Facebook 的照片分享很受欢迎，迄今，Facebook 用户已经上传了150亿张照片，加上每张照片有四个不同尺寸的缩略图，就共有600多亿张图片，总容量超过1.5PB，而每周新增的照片为2亿2000万张，约25TB，高峰期，Facebook 每秒处理55万张照片，这些数字让如何管理这些数据成为一个巨大的挑战。本文由 Facebook 工程师撰写，讲述了他们是如何管理这些照片的。

旧的 NFS 照片架构

老的照片系统架构分以下几个层：

• 上传层接收用户上传的照片并保存在 NFS 存储层。
• 照片服务层接收 HTTP 请求并从 NFS 存储层输出照片。
• NFS存储层建立在商业存储系统之上。

因为每张照片都以文件形式单独存储，这样庞大的照片量导致非常庞大的元数据规模，超过了 NFS 存储层的缓存上限，导致每次招聘请求会上传都包含多次I/O操作。庞大的元数据成为整个照片架构的瓶颈。这就是为什么 Facebook 主要依赖 CDN 的原因。为了解决这些问题，他们做了两项优化：

• Cachr: 一个缓存服务器，缓存 Facebook 的小尺寸用户资料照片。
• NFS文件句柄缓存：部署在照片输出层，以降低 NFS 存储层的元数据开销。

新的 Haystack 照片架构

新的照片架构将输出层和存储层合并为一个物理层，建立在一个基于 HTTP 的照片服务器上，照片存储在一个叫做 haystack 的对象库，以消除照片读取操作中不必要的元数据开销。新架构中，I/O 操作只针对真正的照片数据（而不是文件系统元数据）。haystack 可以细分为以下几个功能层：

• HTTP 服务器
• 照片存储
• Haystack 对象存储
• 文件系统
• 存储空间

存储

Haystack 部署在商业存储刀片服务器上，典型配置为一个2U的服务器，包含：

• 两个4核CPU
• 16GB – 32GB 内存
• 硬件 RAID，含256-512M NVRAM 高速缓存
• 超过12个1TB SATA 硬盘

每个刀片服务器提供大约10TB的存储能力，使用了硬件 RAID-6, RAID 6在保持低成本的基础上实现了很好的性能和冗余。不佳的写性能可以通过高速缓存解决，硬盘缓存被禁用以防止断电损失。

文件系统

Haystack 对象库是建立在10TB容量的单一文件系统之上。文件系统中的每个文件都在一张区块表中对应具体的物理位置，目前使用的文件系统为 XFS。

Haystack 对象库

Haystack 是一个简单的日志结构，存储着其内部数据对象的指针。一个 Haystack 包括两个文件，包括指针和索引文件：

Haystack 对象存储结构

指针和索引文件结构

Haystack 写操作

Haystack 写操作同步将指针追加到 haystack 存储文件，当指针积累到一定程度，就会生成索引写到索引文件。为了降低硬件故障带来的损失，索引文件还会定期写道存储空间中。

Haystack 读操作

传到 haystack 读操作的参数包括指针的偏移量，key，代用Key,Cookie 以及数据尺寸。Haystack 于是根据数据尺寸从文件中读取整个指针。

Haystack 删除操作

删除比较简单，只是在 Haystack 存储的指针上设置一个已删除标志。已经删除的指针和索引的空间并不回收。

照片存储服务器

照片存储服务器负责接受 HTTP 请求，并转换成相应的 Haystack 操作。为了降低I/O操作，该服务器维护着全部 Haystack 中文件索引的缓存。服务器启动时，系统就会将这些索引读到缓存中。由于每个节点都有数百万张照片，必须保证索引的容量不会超过服务器的物理内存。
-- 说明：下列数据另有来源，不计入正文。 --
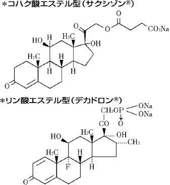 コハク酸エステル型のステロイド注射薬(サクシゾン(R)、水様性プレドニン(R)、ソル・メドロール(R)など)は、アスピリン喘息をはじめ、 アレルギー素因のある患者に投与すると、過敏反応を誘発することがあります。17員環のCOONa(⇒COO-)が体内のタンパク質と結合することによ り、抗原として作用してしまうことが原因と考えられています。
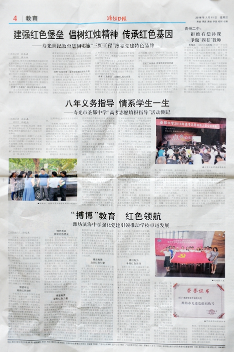 7月11日,潍坊日报4版以《八年义务指导,情系学生一生》为题,报道了我校在学生毕业后又开启教育新里程,通过举办高考志愿填报大型公益讲座和咨询指导,帮孩子们做好走出校门后的第一次选择的事迹。

对于用户上传的图片，系统分配一个64位的独立ID，照片接着被缩放成4种不同尺寸，每种尺寸的图拥有相同的随机 Cookie 和 ID，图片尺寸描述（大，中，小，缩略图）被存在代用key 中。接着上传服务器通知照片存储服务器将这些资料联通图片存储到 haystack 中。

每张图片的索引缓存包含以下数据

Haystack 使用 Google 的开源 sparse hash data 结构以保证内存中的索引缓存尽可能小。

照片存储的写/修改操作

写操作将照片数据写到 Haystack 存储并更新内存中的索引。如果索引中已经包含相同的 Key，说明是修改操作。

照片存储的读操作

传递到 Haystack 的参数包括 Haystack ID，照片的 Key, 尺寸以及 Cookie，服务器从缓存中查找并到 Haystack 中读取真正的数据。

照片存储的删除操作

通知 Haystack 执行删除操作之后，内存中的索引缓存会被更新，将便宜量设置为0，表示照片已被删除。

重新捆扎

重新捆扎会复制并建立新的 Haystack，期间，略过那些已经删除的照片的数据，并重新建立内存中的索引缓存。

HTTP 服务器

Http 框架使用的是简单的 evhttp 服务器。使用多线程，每个线程都可以单独处理一个 HTTP 请求。

结束语

Haystack 是一个基于 HTTP 的对象存储，包含指向实体数据的指针，该架构消除了文件系统元数据的开销，并实现将全部索引直接存储到缓存，以最小的 I/O 操作实现对照片的存储和读取。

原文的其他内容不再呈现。